-- MATERIALS PROVIDED follows --

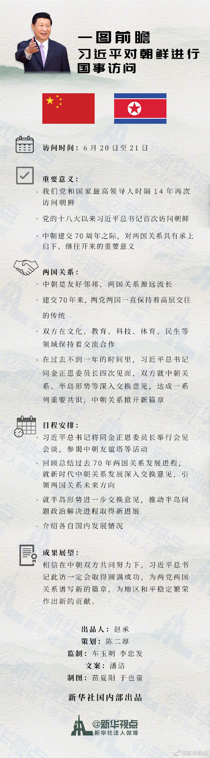 新華社北京6月17日電 中共中央對外聯(lián)絡(luò)部發(fā)言人胡兆明17日在北京宣布:應(yīng)朝鮮勞動黨委員長、朝鮮民主主義人民共和國國務(wù)委員會委員長金正恩邀請,中共中央總書記、中華人民共和國主席習(xí)近平將于6月20日至21日對朝鮮民主主義人民共和國進(jìn)行國事訪問。
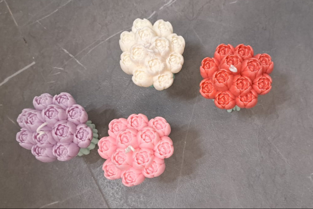 Pequeños ramos de tulipanes hechos a mano con cera de soja vegetal sin parafinas, ni materiales tóxicos. Tiene una medida de 10,5 cm x 7,5 cm. Disponible en varios colores (selecciona "multicolor" y en observaciones pon el color).
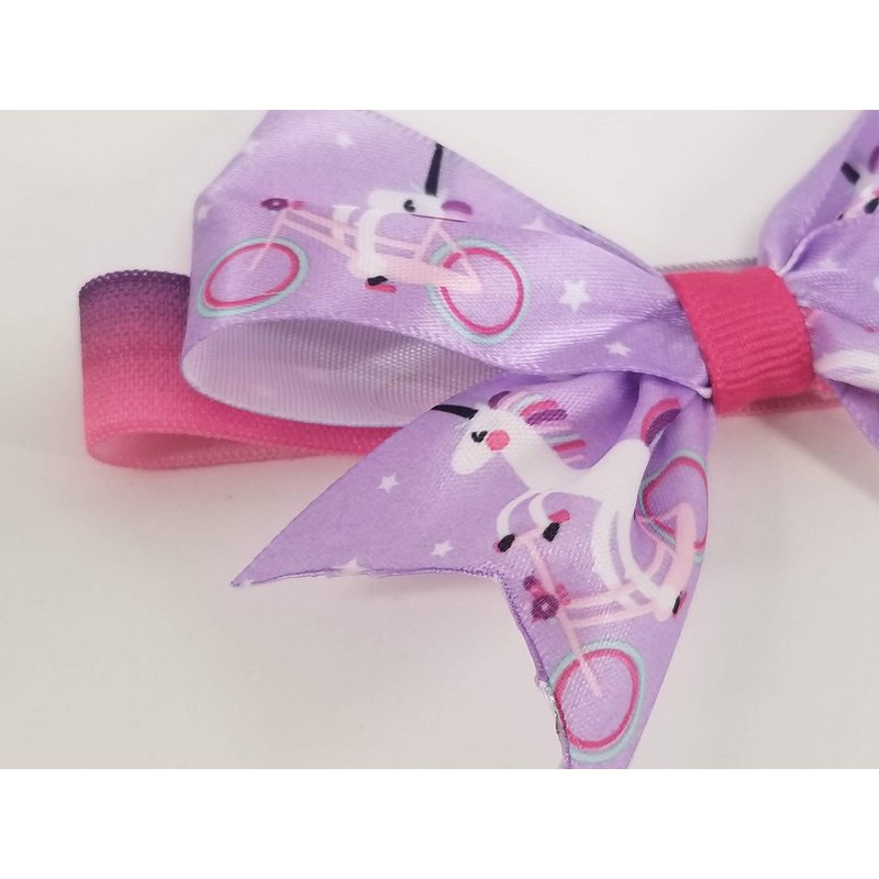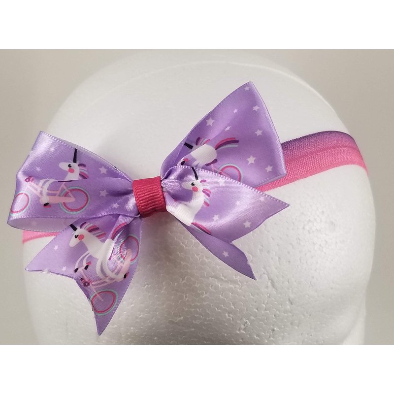 All my hair bows are made with quality decorative ribbons and sturdy metal alligator clips. They are a great accessory to many outfits. Alligator clips are great to keep the bows in the hair securely. Each hair bow measures approx. 3-5 inches across, and the headband ranges from 13" to 15" (0-6 mo to 6-18 mo) which you will choose before purchase. Each bow will vary slightly depending on where the pattern/logo lays out.
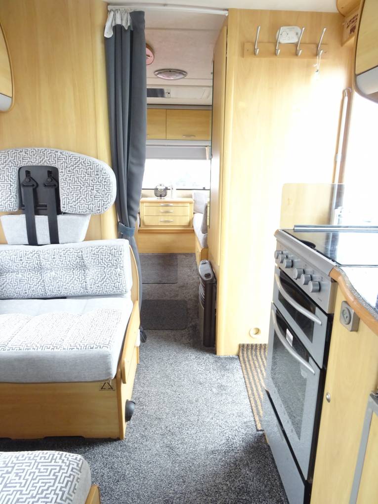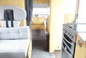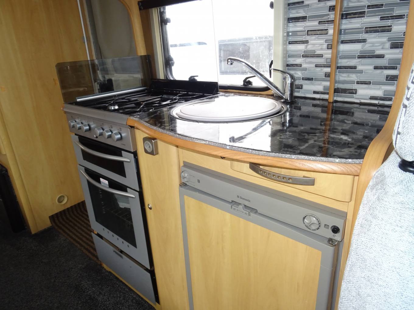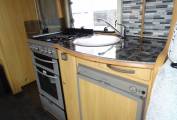 Moving forward, you find a corridor between the front & rear habitat sections, which contains a large double door wardrobe, opposite which is a large shower/wet room with a swivelling W.C. Forward still further you will find the comprehensive kitchen area which incorporates a four burner gas hob, underneath which you will find a full size grill & a separate oven, Also there is a stainless steel sink with detachable draining area, mixer tap & chopping board cover, below this is a fridge with freezer box.
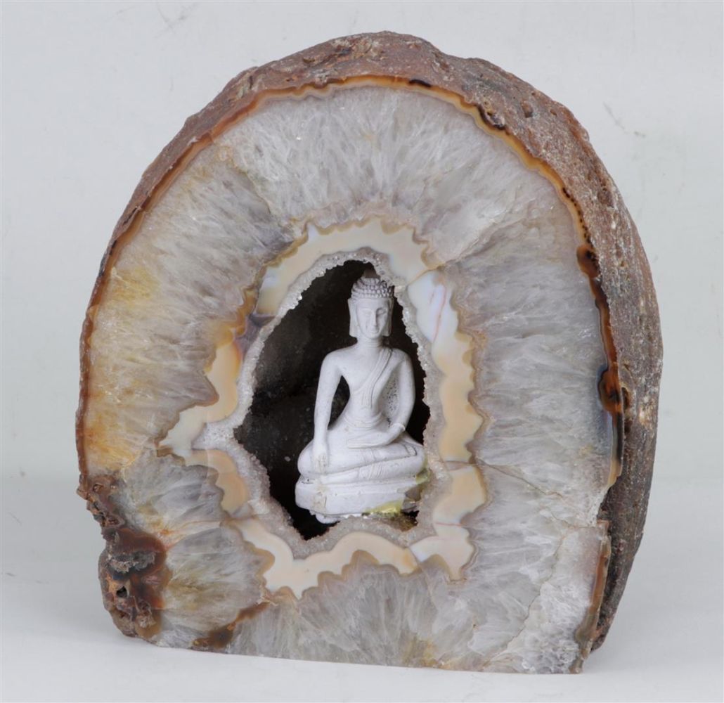 A large agate stone with a Buddha statue incorporated into it.27 x 26 x 17 cm.

-- MATERIALS PROVIDED concluded --

### WHAT TO DO:
The data above are to be repeated word for word, with any pictures left out.

### TASK RESPONSE:
 新華社北京6月17日電 中共中央對外聯(lián)絡(luò)部發(fā)言人胡兆明17日在北京宣布:應(yīng)朝鮮勞動黨委員長、朝鮮民主主義人民共和國國務(wù)委員會委員長金正恩邀請,中共中央總書記、中華人民共和國主席習(xí)近平將于6月20日至21日對朝鮮民主主義人民共和國進(jìn)行國事訪問。
 Pequeños ramos de tulipanes hechos a mano con cera de soja vegetal sin parafinas, ni materiales tóxicos. Tiene una medida de 10,5 cm x 7,5 cm. Disponible en varios colores (selecciona "multicolor" y en observaciones pon el color).
 All my hair bows are made with quality decorative ribbons and sturdy metal alligator clips. They are a great accessory to many outfits. Alligator clips are great to keep the bows in the hair securely. Each hair bow measures approx. 3-5 inches across, and the headband ranges from 13" to 15" (0-6 mo to 6-18 mo) which you will choose before purchase. Each bow will vary slightly depending on where the pattern/logo lays out.
 Moving forward, you find a corridor between the front & rear habitat sections, which contains a large double door wardrobe, opposite which is a large shower/wet room with a swivelling W.C. Forward still further you will find the comprehensive kitchen area which incorporates a four burner gas hob, underneath which you will find a full size grill & a separate oven, Also there is a stainless steel sink with detachable draining area, mixer tap & chopping board cover, below this is a fridge with freezer box.
 A large agate stone with a Buddha statue incorporated into it.27 x 26 x 17 cm.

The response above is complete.